On November 2, the 28th Infantry Division went on the attack. It did not go well. Over the next 11 days, the Germans inflicted an incomprehensible 6,184 casualties on the 28th’s soldiers. Few in the division escaped unscathed.
When the Fighting Briefly Stopped
The first temporary cease-fire began on November 7 on the Kall Trail near the Kall River. According to Auchincloss, a sergeant in Company M, 112th Infantry, 28th Division and two other soldiers went into enemy-occupied territory while trying to evacuate the wounded. As a show of faith, they went unarmed.
After a German sentry confronted them, the sergeant overcame the language barrier and eventually told the Nazi that the Germans had OK’d the GIs to continue on for help. The sentry resisted, though, and attempted to divert the Americans. Then one soldier cleverly offered the German a cigarette, a gesture that provided enough of a distraction for the U.S. service members to keep going, Auchincloss wrote.
Auchincloss also detailed the experience of Maj. Albert Berndt, a regimental surgeon of the 112th Infantry. Upon learning some soldiers were evacuated to an aid station near Kommerscheidt, Berndt and his driver went there to find out more and negotiate a brief halt to the fighting.
After Berndt and his driver’s arrival, the Germans inquired about whether they had guns.

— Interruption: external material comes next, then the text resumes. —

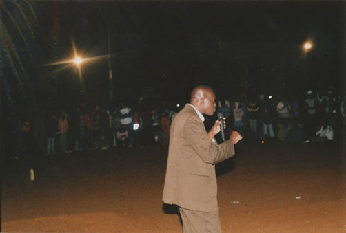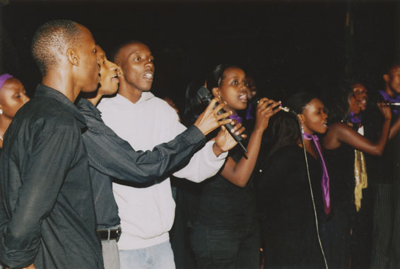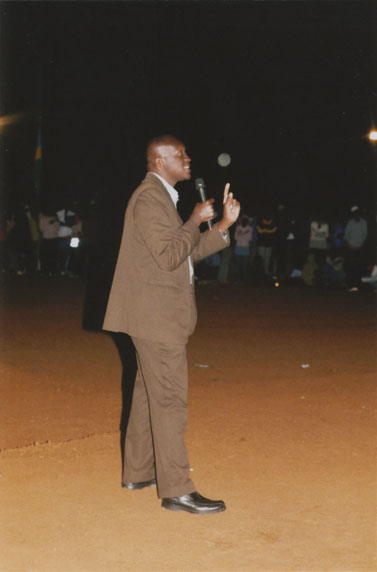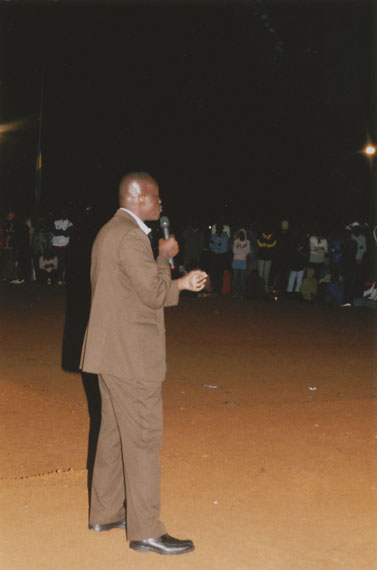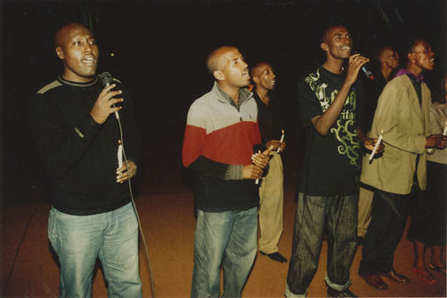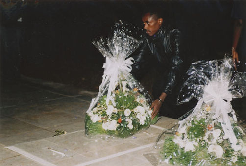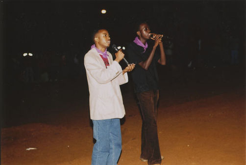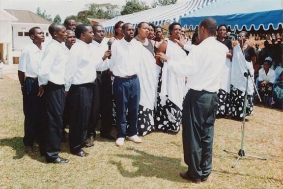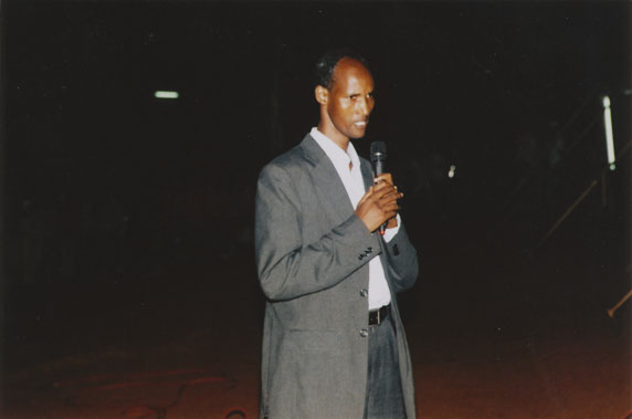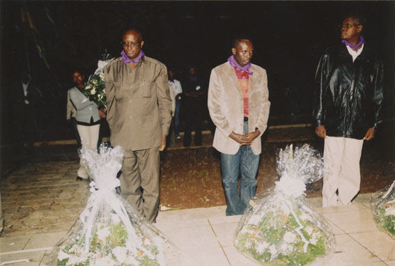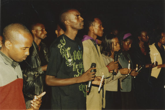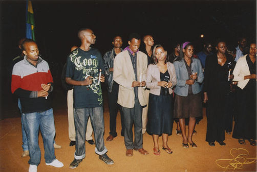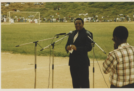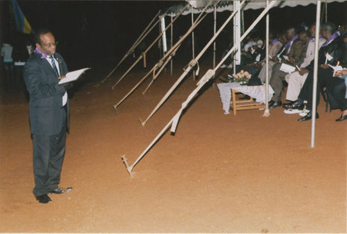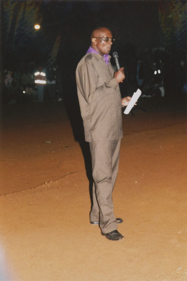 | Description: | Commemoration photograph of a man in a black leather jacket in the centre of the image, holding a microphone and a sheet of paper. A Rwandan flag is visible in the background. |

Berndt replied they did not. When they heard a wounded soldier’s anguished cries, a couple of American medics aided him.
Berndt then turned to the German lieutenant, Auchincloss wrote.
“Can we have a truce to get the wounded out of Kommerscheidt?” Berndt asked.

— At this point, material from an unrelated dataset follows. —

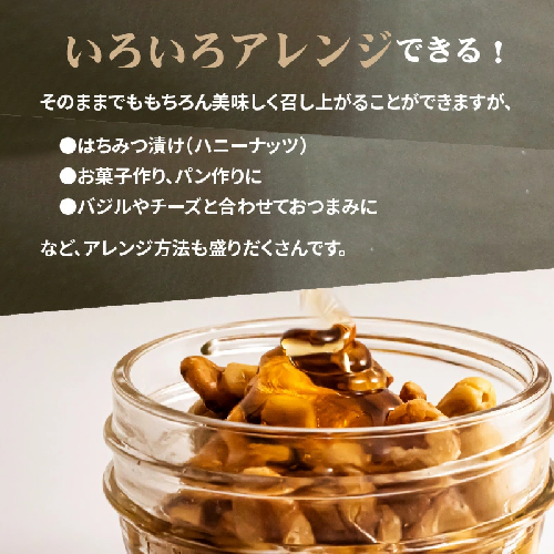 ※品質維持を心がけておりますが、農作物ですので天候などの影響により、1粒当たりのナッツの大きさや重量が前後することがございます。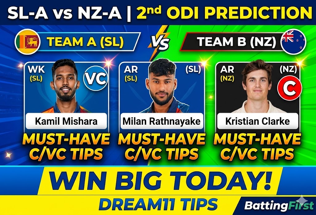 Get the best SL-A vs NZ-A Dream11 prediction for Match 2, NZ-A tour of SL. Expert fantasy tips, pitch report, playing XI, and top captain picks. Win big today!

Replied the Nazi: “They have already left.”
Berndt didn’t know it at the time, but the Americans and Germans already agreed to the second truce.
The Final Cease-Fire

For the third truce on November 12, Auchincloss wrote, German medical officer Gënter Stëttgen appealed directly to the Americans. Accompanied by First Lt. Heinz Munster and a medic, Stëttgen walked without any weapons to begin negotiations. Munster couldn’t avoid the carnage all around him.
“The situation in this front sector was much more serious, however, than anticipated,” Munster said, according to Auchincloss. “Between deserted and destroyed tanks [lay] dead and wounded from both sides. Friend and foe hid in their foxholes, totally wet, hungry, and demoralized.”
The final cease-fire didn’t last long once the Germans learned of an American offensive. Although the fighting resumed, Munster recalled that the sides parted on a friendly note.
“The American officer still shook hands in parting with us and expressed his hope that we may see each other again someday under less threatening circumstances,” Munster said.
34,000 US Casualties
The Battle of Hürtgen Forest lasted from September 1944 to February 1945. It is the longest single battle in U.S. Army history.
The toll was costly for both sides. Approximately 34,000 U.S. service members were either killed, wounded, or captured. That’s about 6,000 more than the German total.
Tech. Sgt. George Morgan was one of the survivors. After the fighting stopped at Hürtgen Forest, Morgan couldn’t forget the awful memories of how he and others suffered.
“The forest up there was a hell of an eerie place to fight,” Morgan said, according to a 2019 article from the Warfare History Network. “Show me a man who went through the battle and who says he never had a feeling of fear, and I’ll show you a liar. You can’t get all of the dead because you can’t find them, and they stay there to remind the guys advancing as to what might hit them.”